Se lo había dicho ya en otra ocasión, pero Jamie asintió con la cabeza, complacido.

—Sí, tal vez estén allí —admitió con los ojos aún tiernos por el recuerdo de los niños en la colina, corriendo el uno tras el otro entre la hierba alta y las gastadas piedras grises que señalaban el lugar de descanso de su familia.

—Los acompañaba una mariposa —añadió de repente—. Lo había olvidado. Una mariposa azul.

—¿Azul? ¿Hay mariposas azules en Escocia?

Fruncí el ceño, intentando recordar. Que yo supiera, allí las mariposas solían ser blancas o amarillas, pensé.

Jamie me lanzó una mirada de exasperación.

—Es un sueño, Sassenach. Si quisiera, podría soñar con mariposas con alas de cuadros escoceses.

Solté una carcajada, aunque me resistí a que me hiciera cambiar de tema.

—Tienes razón. Pero ¿qué es lo que te preocupaba?

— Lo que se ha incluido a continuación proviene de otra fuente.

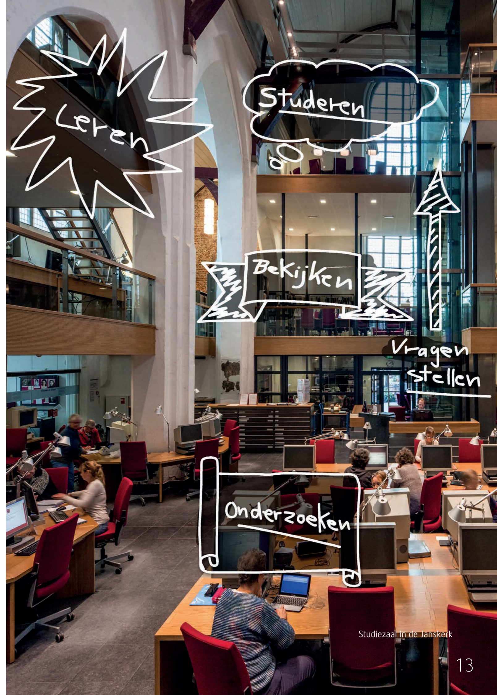
Studiezaal in de Janskerk

De gemaakte stappen zijn echter minder groot dan gewenst, daarom wordt er vanaf 2019 gewerkt aan een uitbreiding van de bemanning van de desbetreffende afdeling om voldoende service te kunnen bieden. Met ingang van 2019 wordt van alle deelnemende overheden een financiële bijdrage voor de digitale informatievoorziening gevraagd.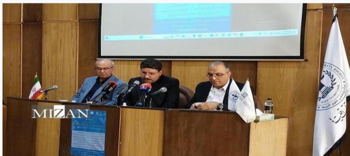
آیین رسمی افتتاحیه مرکز پژوهشی حقوق اقلیتها با حضور جمعی از استادان دانشگاهها، اندیشمندان حقوقی، نمایندگان از اقلیتها و اقوام، پژوهشگران و دانشجویان برگزار شد.

۱۳۰۴ - آذر ۲۰ ۱۴۰۳ کد خبر: FA08APP دسته بندی: حقوق بشر، عمومی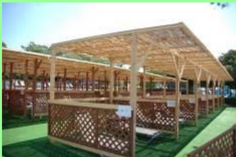
プライベートビレッジ

Me observó con curiosidad.

—¿Cómo sabes que estaba preocupado?

Lo miré por encima del hombro, o tan por encima del hombro como me fue posible, dada la diferencia de altura.

—Tal vez tu cara no sea un espejo, pero llevo casada contigo treinta y tantos años.

Dejó pasar sin hacer ningún comentario el hecho de que, en realidad, no había estado con él veinte de esos años, y simplemente sonrió.

—Sí. Bueno, de hecho, no era nada. Sólo que entraron en la torre.

—¿En la torre? —dije, vacilante.

La vieja torre que daba nombre a Lallybroch se encontraba, efectivamente, en la colina que había detrás de la casa, y su sombra se proyectaba a diario sobre el cementerio como el majestuoso avance de un reloj de sol gigantesco. Jamie y yo solíamos subir hasta allí a menudo por las noches en nuestros primeros tiempos en Lallybroch a sentarnos en el banco que había junto al muro de la torre y alejarnos del barullo de la casa, disfrutando de la tranquila vista de la finca y de sus terrenos, que se extendían blancos y amarillos a nuestros pies, suaves a la luz crepuscular.

—La torre —repitió, y me miró sin saber qué decir—. No sé qué sucedía, sólo que no quería que entraran. Tuve... la sensación de que dentro había algo. Al acecho. Y no me gustó nada.